The method proposed in this paper was tested on three real world networks, include the power grid networkFootnote 3, the enron email networkFootnote 4 and AS-level networkFootnote 5. For the sake of discussion, the infection probability between nodes in the above networks were generated randomly, and it was assumed that \(r_{ij} = r_{ji}\). All experiments were subject to independent performance test in windows7 system. The test computer was configured as an Intel Core i7-6700 3.4 GHz processor, 8 GB memory and 4G virtual memory allocated by ECLIPSE.

Fig. 2.
figure 2

Accuracy comparison with the existing work.

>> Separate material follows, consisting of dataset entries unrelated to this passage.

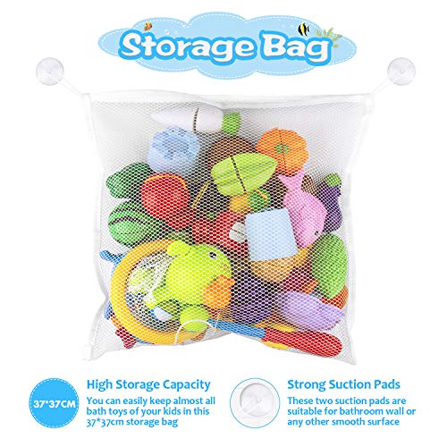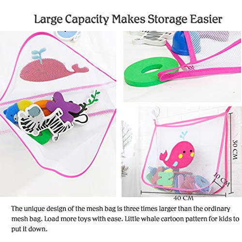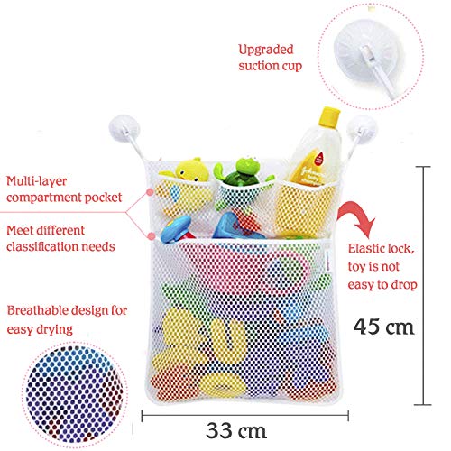 - ?ā?ćMalla de AlmacenamientoćPuede guardar fĆ”cilmente casi todos los juguetes de baƱo de su bebĆ© en esta bolsa de almacenamiento de 37 * 37 cm. Las dos ventosas que tienen alta fuerza de succión son adecuadas para la pared del baƱo y cualquier superficie lisa.
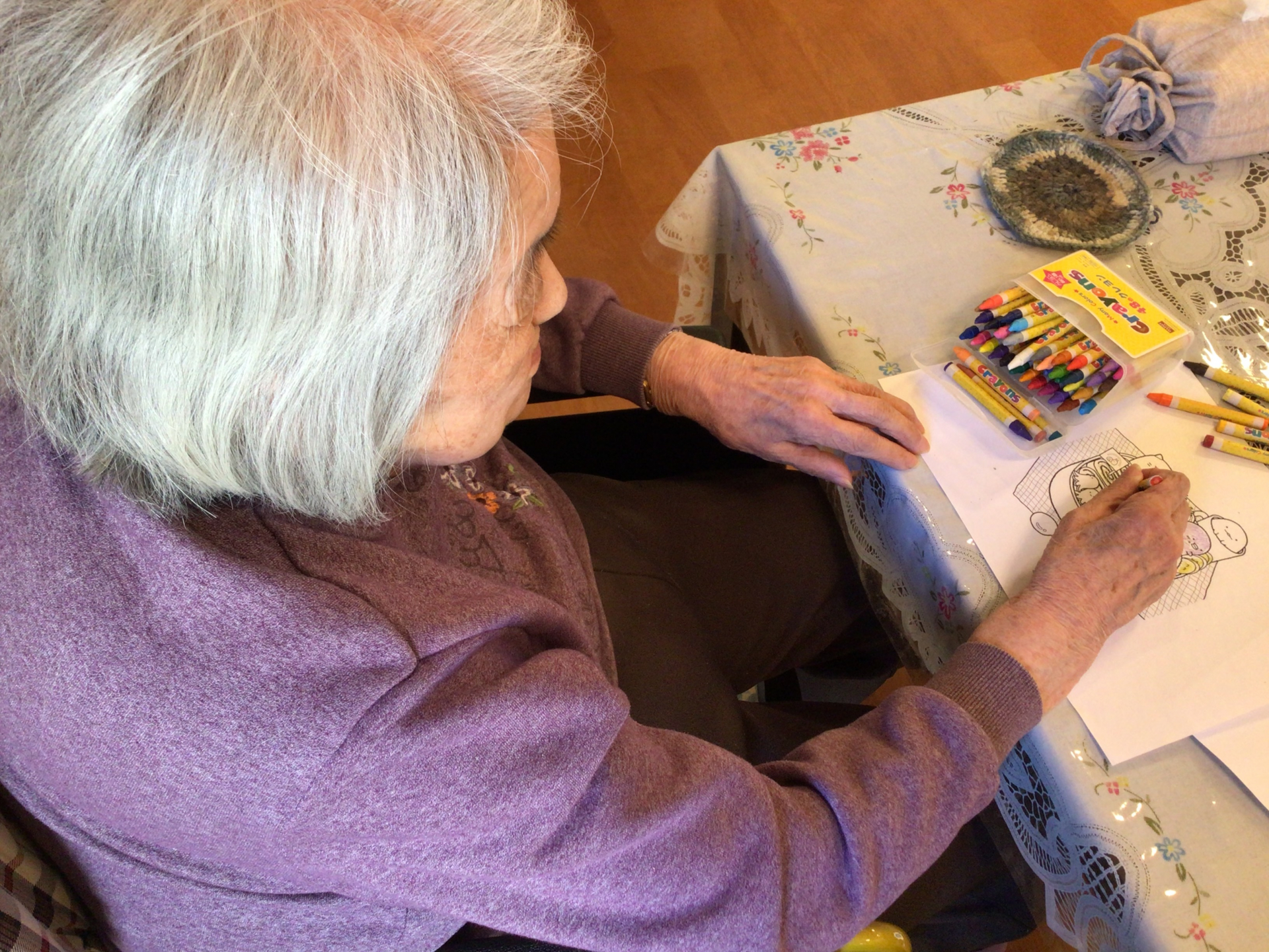 職員と一緒に色塗りをしていただきました。
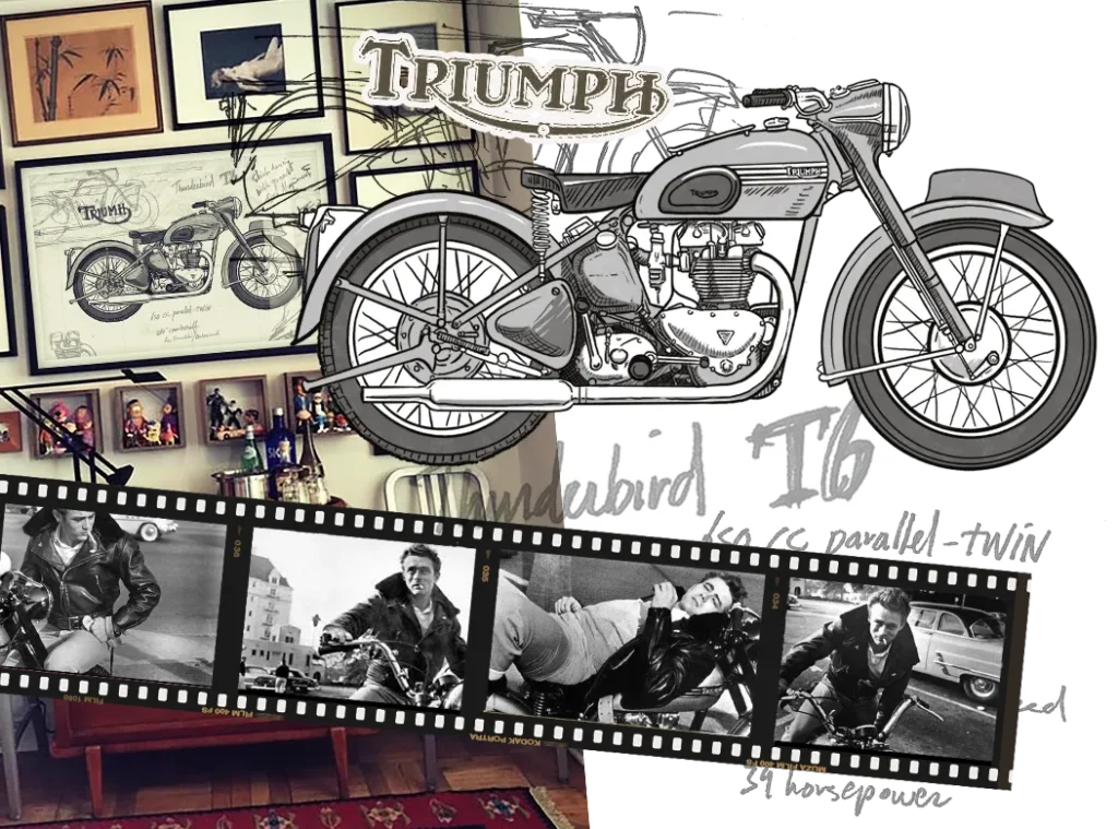 Illustration of the 1950 Triumph Thunderbird T6, a British parallel-twin motorcycle built for performance and export. Introduced after WWII, the Thunderbird was designed to appeal to the American market with more power and a bold design. It featured a 650cc engine — an upgrade from the Speed Twin — and helped define the classic British […]

Accuracy comparison with the existing work. The accuracy between this work and [9] was compared. We used the same configurations with that work. The false negative rate was not considered in [9], so when the false negative rate was higher, the accuracy of [9] was decreased significantly, and the effect of this work was significantly better in this case. It can be seen that, when the false negative rate was close to 20%, the probability of error distance = 0 for [9] was only 50%, while it was remained at about 70% in our algorithm.

6 Conclusion

This paper presents the first work on identifying the propagation source of stealth worm. We propose a modified algorithm of observed results based on bayes formula, which can modify the results of possible false negative nodes, so as to improve the accuracy of identifying the propagation sources. After that, we have applied the method of branch and bound, effectively reduced the traversal space and improved the efficiency of the algorithm by calculating the upper and lower bounds of the infection probability of nodes. We test our algorithm on three real networks, and the results show the accuracy of the algorithm.